Sir David Nicholson

Yesterday two NHS nurses were struck off the UK nursing register for bringing their profession into serious disrepute.  One of the features of this case was the falsifying of records so that ‘performance targets’ could be met. 

The NHS has been trying to copy ‘lean’ for some years (as has every manufacturing business in the world) but it has always been very obvious, to anyone who has read Deming’s work, that the culture has to be right first. The architects of the NHS have created a performance metrics monster that will have Deming, the guru’s guru of total quality management, turning in his grave.  The fate of these two nurses is symptomatic of everything that is wrong, not only in the NHS, but the whole area of performance measurement and management.

Deming’s ’14 Principles’  include, at number 10: –

“Eliminate slogans, exhortations and targets for the workforce asking for zero defects and new levels of productivity.

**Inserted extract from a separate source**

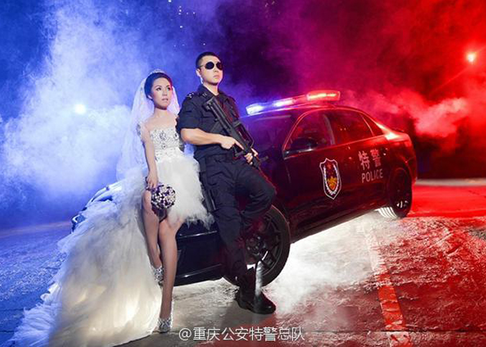 So what does a Chongqing SWAT Team member need to do when he is not allowed to take leave to get some proper pre-wedding photos with his wife-to-be? Bring the bride and the photographer to his work place to do the photos there instead.

Such exhortations only create adversarial relationships, as the bulk of the causes of low quality and low productivity belong to the system and thus lie beyond the power of the workforce.”

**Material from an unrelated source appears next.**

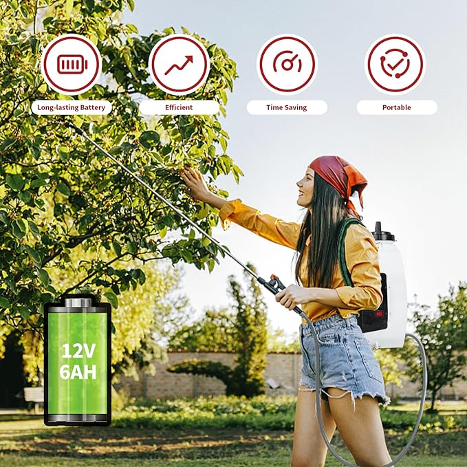 - Long-time Use: Our backpack sprayer battery powered features a 12V 6AH lithium battery is convenient and safe to charge, which can spray for 2-4 hours straight from just one charge

These nurses are part of the NHS management ‘system’.  The inverted commas signify that there is no management system in the NHS. An effective system would already be delivering the organization’s purpose – the best patient care at the best possible cost – that is the definition of value.  The NHS’s perverted ‘performance management system’, based on meaningless targets, produces perverse incentives and perverse behaviour.  Whether these two nurses are guilty or not, it is unlikely they became qualified nurses to fiddle figures.  So what did the NHS do to them?  If the NHS cannot care for its own staff (all 1.3 million of them) it is unlikely to be able to provide the best care for its patients.

The managers at the top of the NHS must take responsibility for the system they design: therefore they must be the root cause of catastrophes such as Mid Staffs. The other group primarily responsible are all the former politicians (now long gone) who became Health Secretaries and made the NHS a political football rather than a beacon of excellence. Neither executives nor politicians can be struck off (even when found guilty) because they do not belong to a recognized professional body where Deming’s teaching is mandatory.  Another group who have played their own part in this on-going fiasco are the HR professionals who should know better but recent, high profile, experiences suggest otherwise.

MI is the professional body that really understands how whole systems work, at a very profound level, and how intelligent use of value measures can bring out the best values in people. MI is dedicated to developing the next generation of executives and general managers, and HR professionals, who will have to become consummate people managers. Professional managers will have Deming’s 14 Principles tattooed on their foreheads; just so ordinary employees will know who to turn to when they are feeling pressurized to do things they would not naturally choose to do.